The Power of Loving Families — and a Good Night’s Sleep

Researchers identified a couple of key factors for many teens successfully meeting the mental health challenges of the pandemic.

First, teens have been sleeping more. Research confirms that teens who are sleep deprived are significantly more likely to suffer from depression.

In a similar 2018 study, only 55% of teens reported they usually slept seven or more hours a night. That figure jumped to 84% among those for whom school was in session.

Sleep, said Coyne, remains “a major protective factor in teen mental health.”

The second key factor confirms Elder Perry’s 2003 declaration championing the importance of families as surveyed teens reported spending more time with their families.

                                      

With many parents working from home — and with many other “outside the home” activities on hold for family members of all ages — the majority of teens reported increased family time. A total of 56% of them said they were spending more time talking to their parents than they had before the pandemic, and 54% said their families now ate dinner together more often. In addition, 46% reported spending more time with their siblings.

Perhaps most striking was that 68% of teens said their families had become closer during the pandemic.

Those increases in family time are linked to positive mental health outcomes among surveyed teens, the study reported. Only 15% who said their families had become closer during the pandemic were depressed, compared to 27% of those who did not believe their families had become closer.

“There is such a strong family-focus found in this study,” said Coyne.

As a parent, the BYU professor hopes the data found in the study will prompt her own family “to slow down and focus on what matters most” long after the pandemic has passed.
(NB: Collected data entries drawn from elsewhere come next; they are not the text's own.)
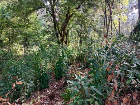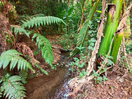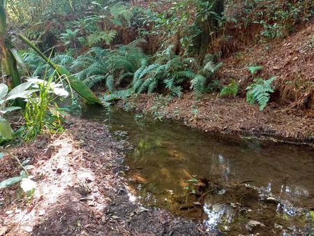 Es un terreno grande que colinda con el rio, Unas partes tienen pendiente y otras son más planas, sobre todo las que colindan con el río. A pesar de sus árboles grandes, hay bastantes entradas de luz y espacios para construir la casa de tus sueños.
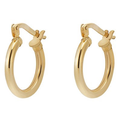 A pair of hoop earrings with a diameter of 10mm. 2mm thick hollow gold wire.
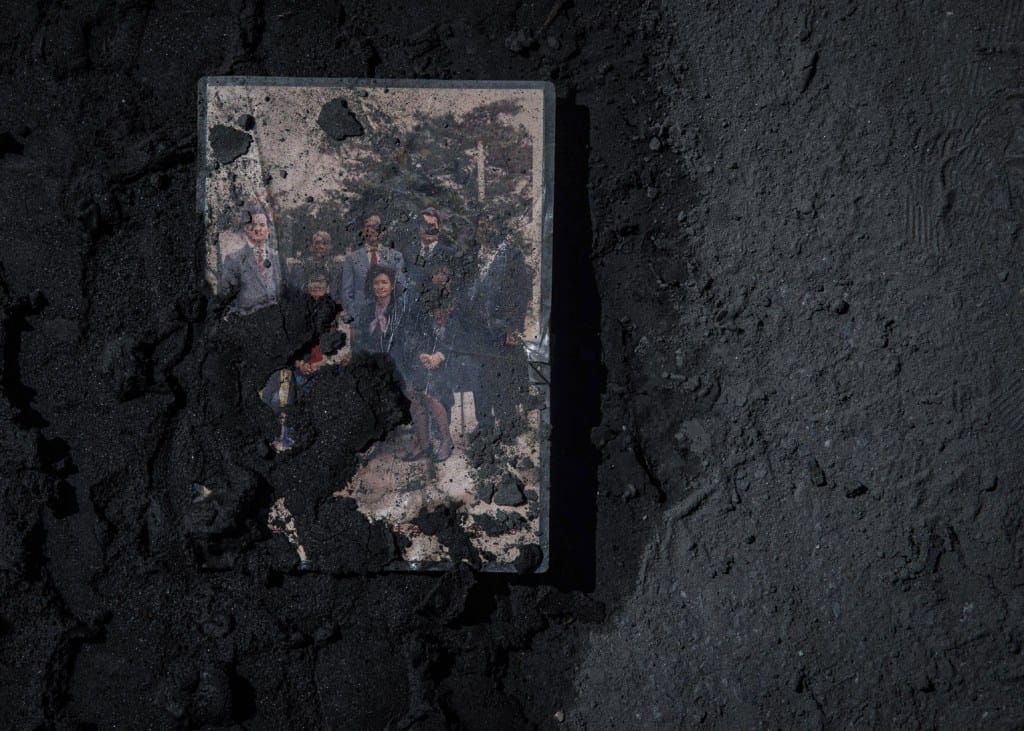 2025年9月30日,花蓮光復鄉,在一間被洪水沖毀的房屋外,一張照片在淤泥上。攝:陳焯煇/端傳媒
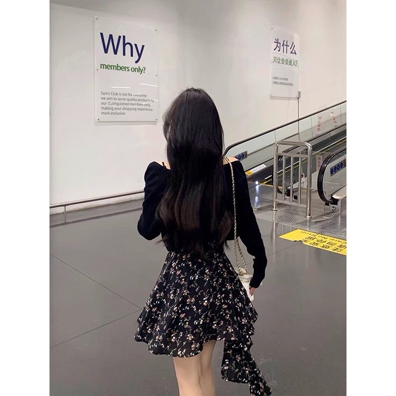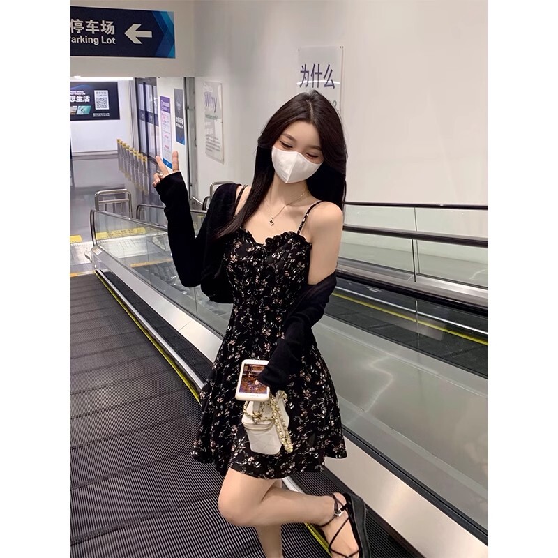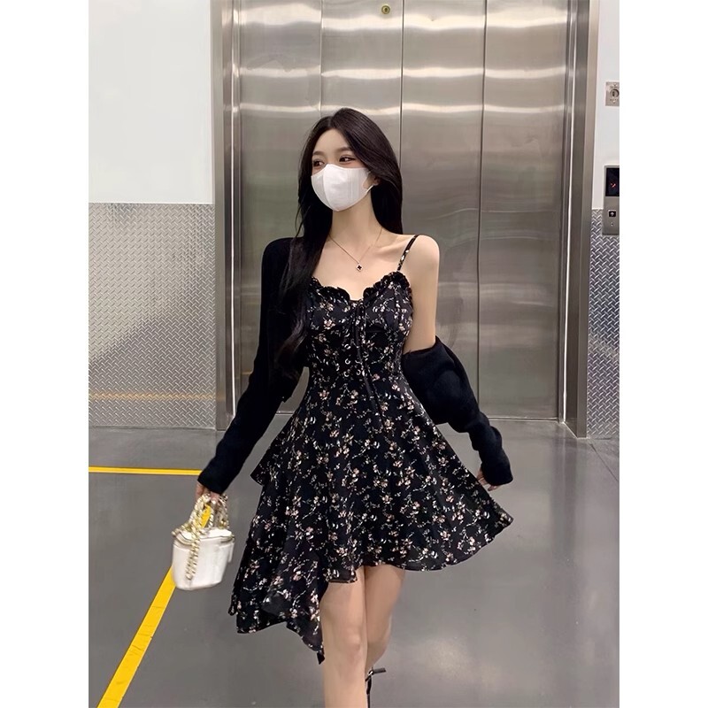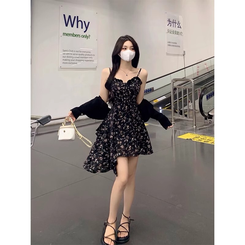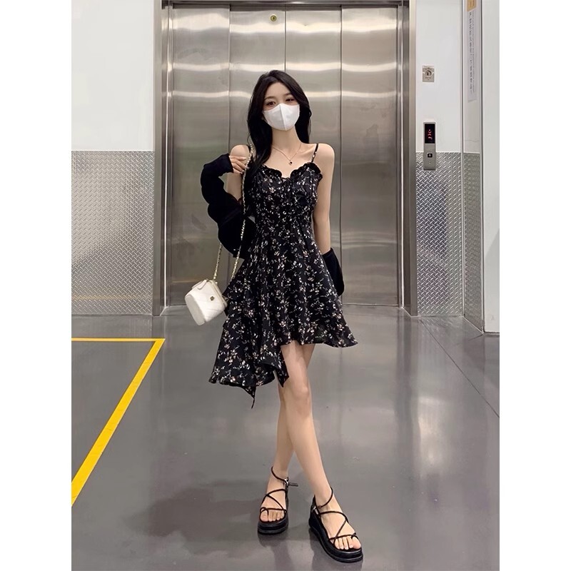 • Plus-size French-style sexy slip dress, summer irregular short skirt, unique design floral dress for women.

Another significant finding from the study is that teens from two-parent families were least likely to be depressed, both before and during the pandemic.

“This is consistent with other research on child well-being and suggests that teens in two-parent families are more likely to benefit from the additional attention and financial resources that two parents can invest in adolescents,” the report concluded.

Coyne added she has deepened regard for the resilience of young people to handle COVID-19 and whatever challenge comes their way, particularly when they enjoy the support of a loving family.

In the midst of a global pandemic, many reported feeling like a stronger and more resilient person.